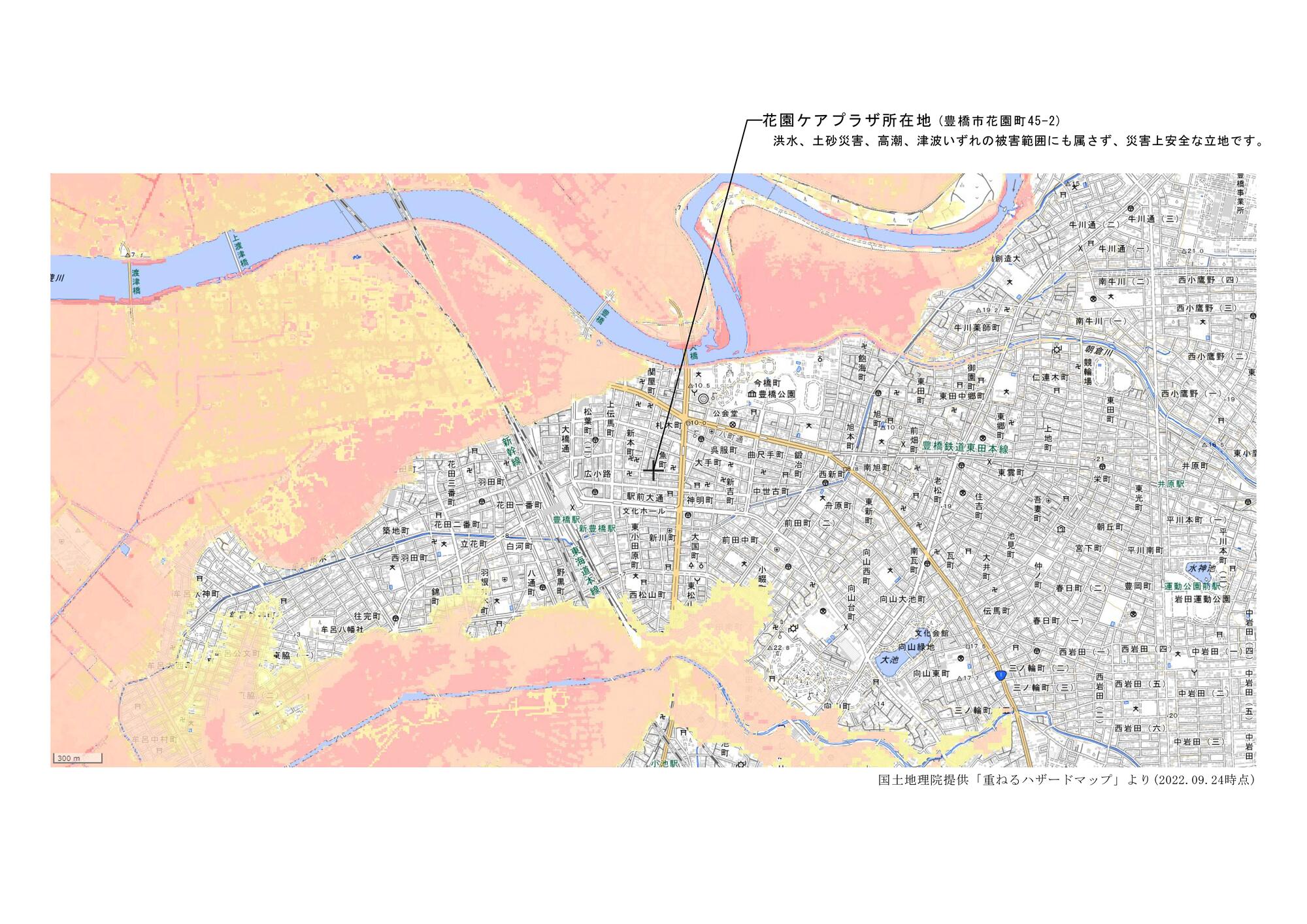 花園ケアプラザデイサービスは、豊橋市中心市街地の花園町に開設されました、デイサービスを中心とした介護施設です。この地域、花園町は古くから魚町、繊維問屋街、花園商店街と豊橋の皆様に愛されていた場所にございます。今も多くの寺院があり、落ち着いた風情を醸し出しております。水害や土砂災害に対して安全な立地です。 |
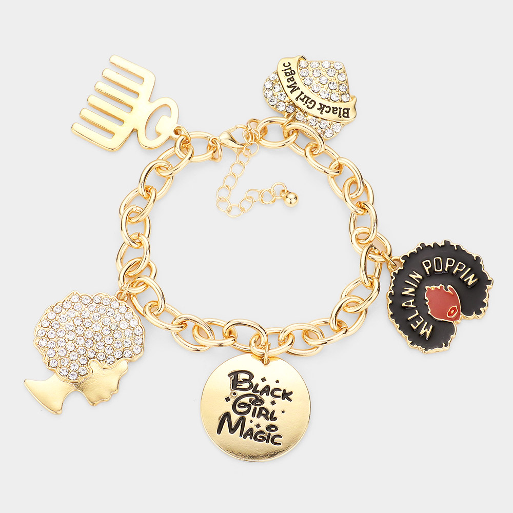 Comb Rhinestone Embellished Girl Heart Station Bracelet
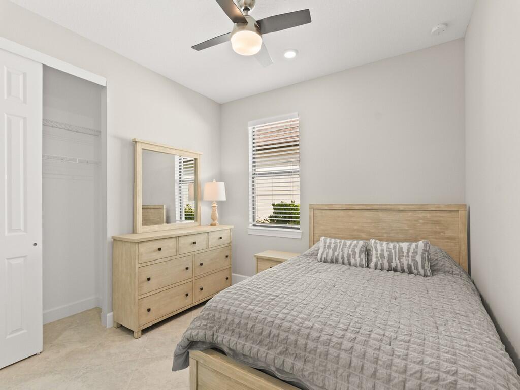 Vacation everyday as you enter this active community just a 10 min drive to the beach! Embrace the ease of new construction upon approaching this 2022 built CBS modern home on a corner lot, designed with comfort and functionality in mind. Delight your eyes as you step into the foyer to an inviting open concept feat 4Bds, 3 Full baths and a huge covered/screened extended Lanai. With a private en-suite for guest this charming home offers Impact windows, 8ft doors, Quartz countertops, kitchen Island, Diagonal Tile, microwave drawer, range hood, crown molding, 42 inch cabinets, epoxy garage plus more. Miles of New roads and sidewalks just outside the community to enjoy long walks, biking, jogging and more. Less than 5 mis to Publix plaza and restaurants. Immaculate condition Move-In ready!
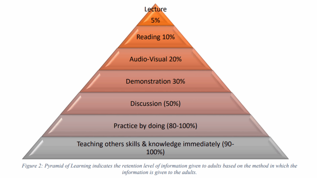 to ensure sustained interest and effective communication to the Trainees. As an important pointer, the Trainer needs to be aware of the pyramid of learning.
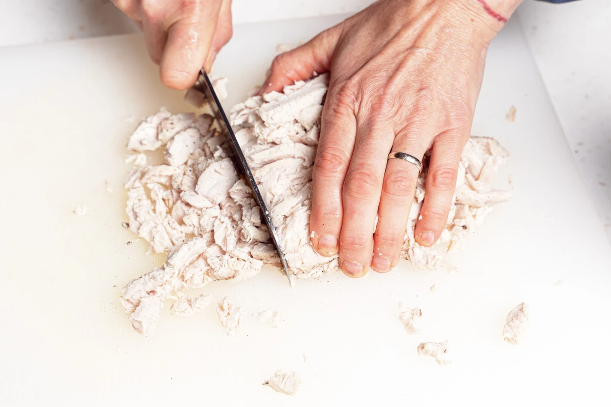 Курицу нарежьте кубиками такого же размера, как овощи.
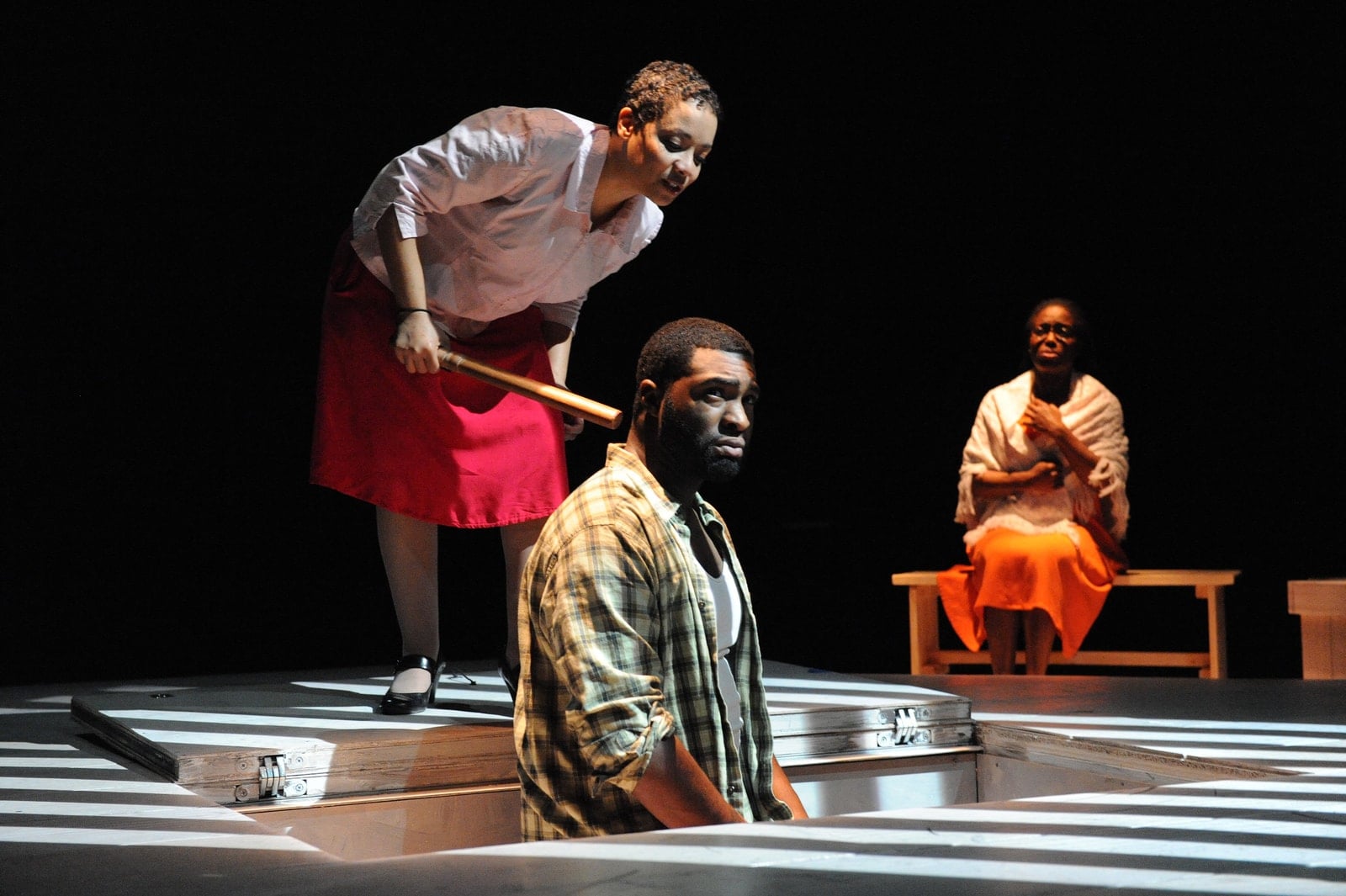 What also contributes greatly to making this play so engaging and watchable is the fluid ease of Felicia Curry (Woman One, Patti Mae) and Fatima Quander (Woman Two) as they step in out of the multiple characters they play revealing emotional finesse, distinction, and energized spunk. Their rhythmic and melodic singing in key transition moments and poignant segues of deeply felt hymns and harmonizing tones are soothing, feel-goodness for the soul. Boutté, also a composer and the musical director for Home, has provided original music for the transitions and any text that invited singing, and the music maintains a bluesy back drop for the production.

□ □ □ □ □ □ □

* GOAL OF THE EXERCISE *
Leaving out every picture, repeat exactly the lines of the records from the start through the line that has "Vacation everyday as".

* SOLUTION FOR THIS EXERCISE *
 花園ケアプラザデイサービスは、豊橋市中心市街地の花園町に開設されました、デイサービスを中心とした介護施設です。この地域、花園町は古くから魚町、繊維問屋街、花園商店街と豊橋の皆様に愛されていた場所にございます。今も多くの寺院があり、落ち着いた風情を醸し出しております。水害や土砂災害に対して安全な立地です。 |
 Comb Rhinestone Embellished Girl Heart Station Bracelet
 Vacation everyday as you enter this active community just a 10 min drive to the beach! Embrace the ease of new construction upon approaching this 2022 built CBS modern home on a corner lot, designed with comfort and functionality in mind. Delight your eyes as you step into the foyer to an inviting open concept feat 4Bds, 3 Full baths and a huge covered/screened extended Lanai. With a private en-suite for guest this charming home offers Impact windows, 8ft doors, Quartz countertops, kitchen Island, Diagonal Tile, microwave drawer, range hood, crown molding, 42 inch cabinets, epoxy garage plus more. Miles of New roads and sidewalks just outside the community to enjoy long walks, biking, jogging and more. Less than 5 mis to Publix plaza and restaurants. Immaculate condition Move-In ready!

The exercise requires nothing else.